ASSIGNMENT:
Write out exactly, please, every line from the beginning of the entries to the line holding "資料圖:2023年3月28日", and no pictures.
*** Block opens ***
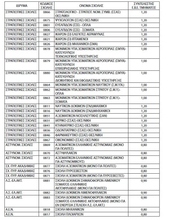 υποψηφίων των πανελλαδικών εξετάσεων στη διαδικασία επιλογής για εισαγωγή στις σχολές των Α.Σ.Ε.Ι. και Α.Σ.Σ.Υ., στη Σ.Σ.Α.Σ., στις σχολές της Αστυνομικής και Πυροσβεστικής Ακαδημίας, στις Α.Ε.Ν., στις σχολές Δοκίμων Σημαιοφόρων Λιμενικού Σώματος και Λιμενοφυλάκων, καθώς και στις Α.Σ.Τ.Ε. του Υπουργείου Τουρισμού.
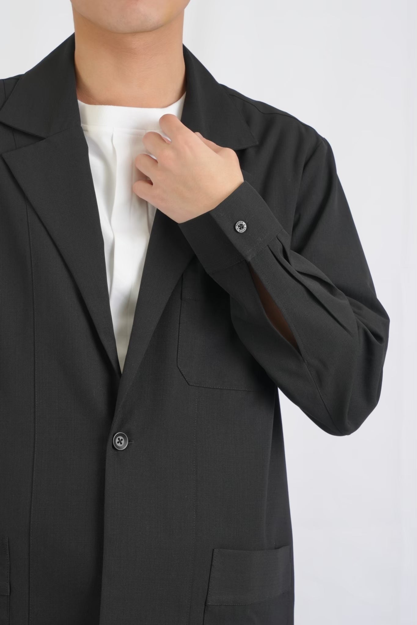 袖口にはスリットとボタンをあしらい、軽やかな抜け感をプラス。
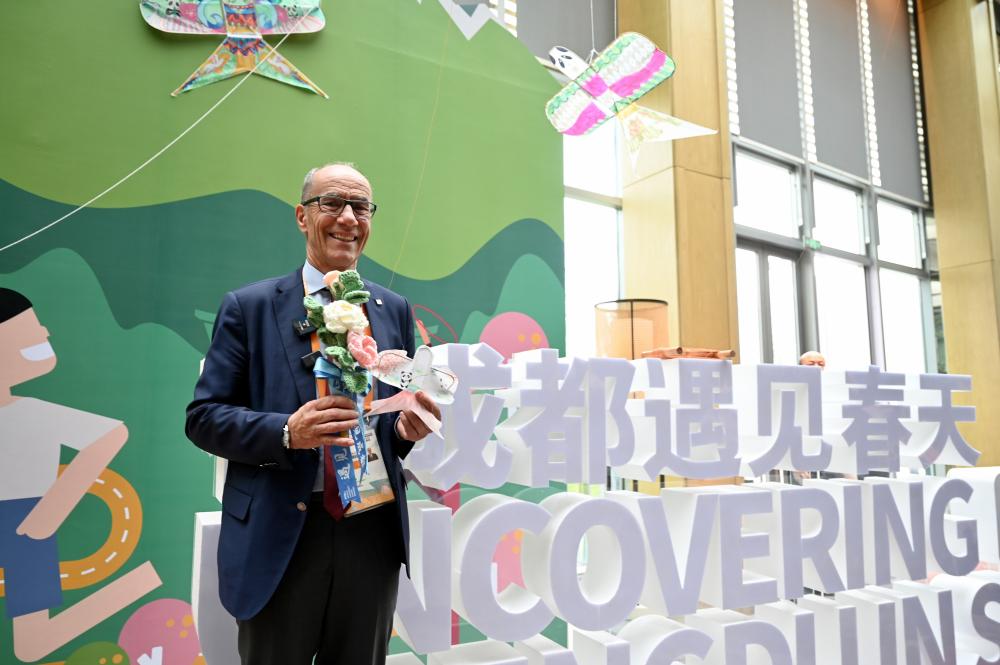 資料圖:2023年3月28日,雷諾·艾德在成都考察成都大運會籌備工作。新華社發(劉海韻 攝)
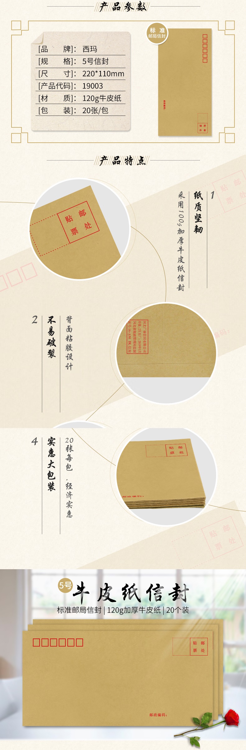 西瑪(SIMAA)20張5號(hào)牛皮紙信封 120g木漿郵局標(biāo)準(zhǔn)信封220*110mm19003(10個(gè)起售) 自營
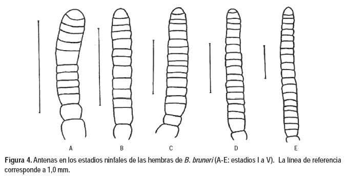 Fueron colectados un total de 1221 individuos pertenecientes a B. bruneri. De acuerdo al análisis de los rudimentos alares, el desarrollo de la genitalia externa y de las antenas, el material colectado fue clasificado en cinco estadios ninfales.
*** Block closes ***
FINAL ANSWER:
 υποψηφίων των πανελλαδικών εξετάσεων στη διαδικασία επιλογής για εισαγωγή στις σχολές των Α.Σ.Ε.Ι. και Α.Σ.Σ.Υ., στη Σ.Σ.Α.Σ., στις σχολές της Αστυνομικής και Πυροσβεστικής Ακαδημίας, στις Α.Ε.Ν., στις σχολές Δοκίμων Σημαιοφόρων Λιμενικού Σώματος και Λιμενοφυλάκων, καθώς και στις Α.Σ.Τ.Ε. του Υπουργείου Τουρισμού.
 袖口にはスリットとボタンをあしらい、軽やかな抜け感をプラス。
 資料圖:2023年3月28日,雷諾·艾德在成都考察成都大運會籌備工作。新華社發(劉海韻 攝)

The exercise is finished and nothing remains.